EXERCISE DETAILS:
Only one span is wanted from the lines below: from the one with "Between sitting on" up to and including the one with "Install the engine". Copy it exactly, without images.

(Records contained in a dataset)
#####

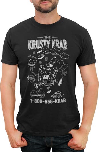 - Life's better when you’re a little bit square and wearing this men's t-shirt that is perfect for every occasion! Featuring a white design of the lovable SpongeBob showing off his cooking skills, along with the text: "The Krusty Krab Now Delivering!" and "1-800-555-Krab" across the front.
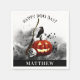 Estes guardanapos de papel do Halloween são perfeitos para uma festa de aniversário do Halloween. Estes guardanapos de festa para o aniversário do Halloween apresentam um fundo de tinta preta com um jack de fogo, o'lanterna, crânio humano, corvo negro e uma vassoura de bruxas. Personalize com o nome de sua escolha.
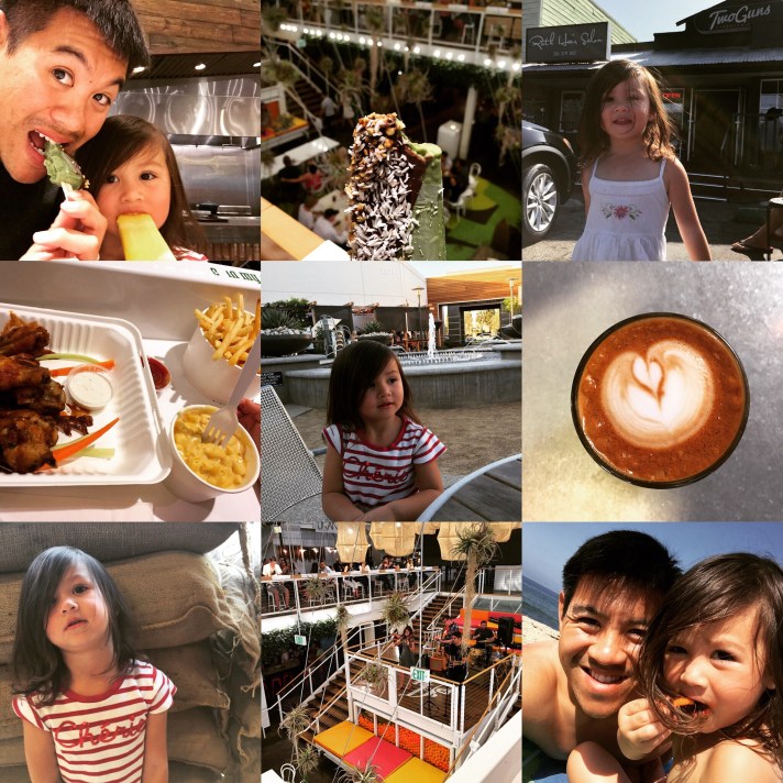 Between sitting on the beach and driving the city, Evangeline and I went on our own post-gastrectomy food tour sampling the finest coffee roasters the Southland has to offer paired with some delicious toddler-approved fare. Our first stop was at a Japanese-American fusion burger joint called the Humble Potato known for their version of the American classic which they call the hambága. Since I no longer eat red meat, I decided to go with the Tempeh with Karê which is an Indonesian soy patty chopped up with an Indian tasting spice/curry over slaw with a fried egg on top. Do I miss eating burgers? Absolutely, but living in California means there will always be plenty of options. For those who know me, food tours are incomplete without visiting new coffee shops. Before getting off the plane I knew I needed to pay homage to the place that combines my two passions: motorcycles and coffee, Deus Ex Machina in Venice Beach.
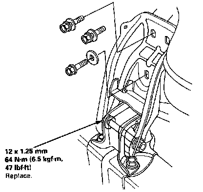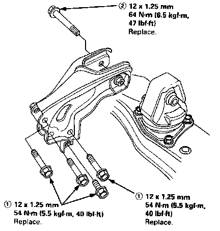 Install the engine in the reverse order of removal. Reinstall the mount bolts/nuts in the following sequence. Failure to follow these procedures may cause excessive noise and vibration, and reduce bushing life.
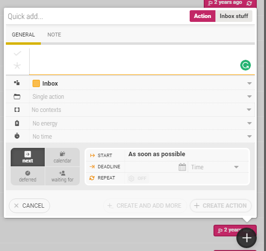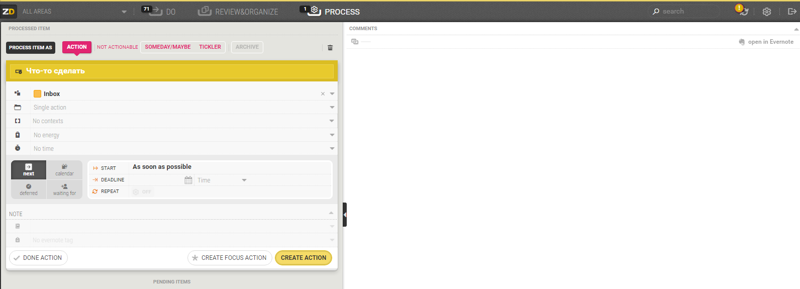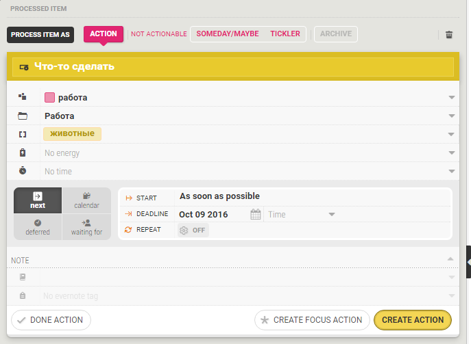 В этом разделе вы можете обрабатывать все «входящие» заметки из вашего аккаунта. Если заметка является задачей, то вы просто добавляете к ней проект, дату, если нужно, и контекст. Затем жмёте «Create Action» и всё — задача создана.
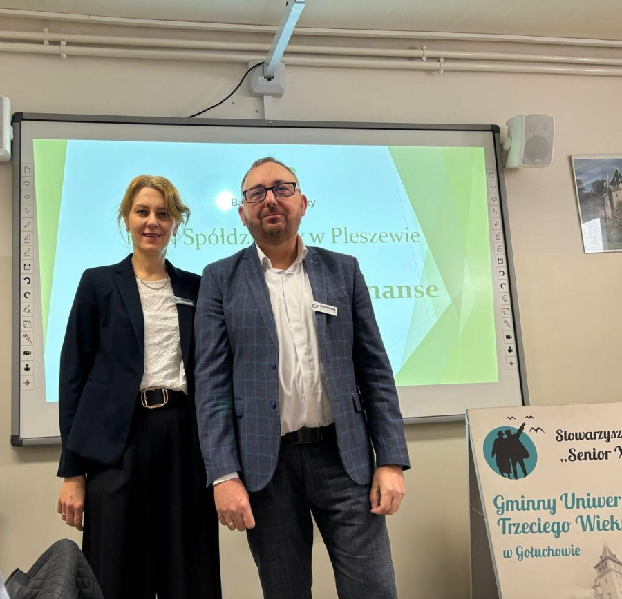 Podczas spotkania przedstawiciele Banku Spółdzielczego w Pleszewie Waldemar Słojewski, kierownik Zespołu Informatycznego, oraz Magdalena Gulczewska, dyrektor Banku Spółdzielczego Oddział w Gołuchowie, rozmawiali z seniorami o bezpieczeństwie w sieci i sposobach ochrony swoich finansów.
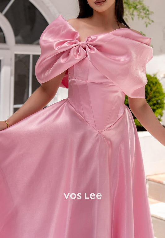 A-Line Off the Shoulder Bowknot Pleated Floor-Length Evening Dresses
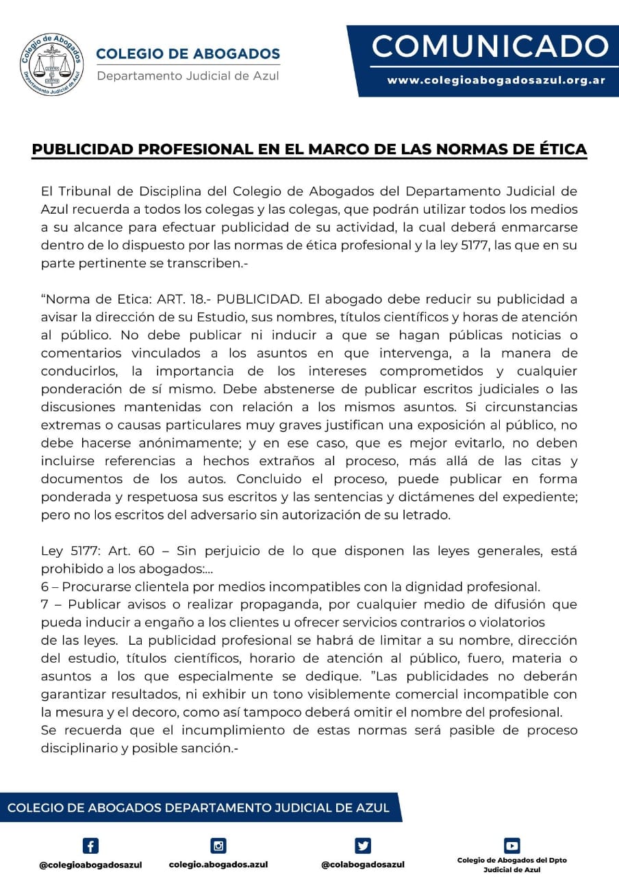 El Tribunal de Disciplina recuerda a todos los colegas y las colegas, que podrán utilizar todos los medios a su alcance para efectuar publicidad de su actividad, la cual deberá enmarcarse dentro de lo dispuesto por las normas de ética profesional y la ley 5177, las que en su parte pertinente se transcriben.
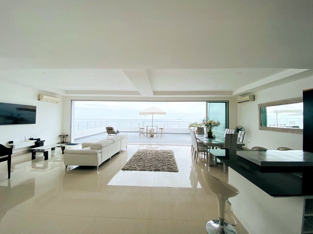 Has que tu estadía sea diferente y placentera, nuevo y elegante departamento frente al mar, con un ambiente moderno y una excelente ubicación. Disfruta de una espectacular vista en la terraza donde puedes aprovechar el jacuzzi, la piscina, el gimnasio o incluso finalizar el día con un mágico atardecer. Contamos con un parqueo privado y servicio de guardia durante toda tu estancia. Estamos totalmente predispuestos para solventar todas tus exigencias.

#####

RESPONSE TO THIS TASK:
 Between sitting on the beach and driving the city, Evangeline and I went on our own post-gastrectomy food tour sampling the finest coffee roasters the Southland has to offer paired with some delicious toddler-approved fare. Our first stop was at a Japanese-American fusion burger joint called the Humble Potato known for their version of the American classic which they call the hambága. Since I no longer eat red meat, I decided to go with the Tempeh with Karê which is an Indonesian soy patty chopped up with an Indian tasting spice/curry over slaw with a fried egg on top. Do I miss eating burgers? Absolutely, but living in California means there will always be plenty of options. For those who know me, food tours are incomplete without visiting new coffee shops. Before getting off the plane I knew I needed to pay homage to the place that combines my two passions: motorcycles and coffee, Deus Ex Machina in Venice Beach.
 Install the engine in the reverse order of removal. Reinstall the mount bolts/nuts in the following sequence. Failure to follow these procedures may cause excessive noise and vibration, and reduce bushing life.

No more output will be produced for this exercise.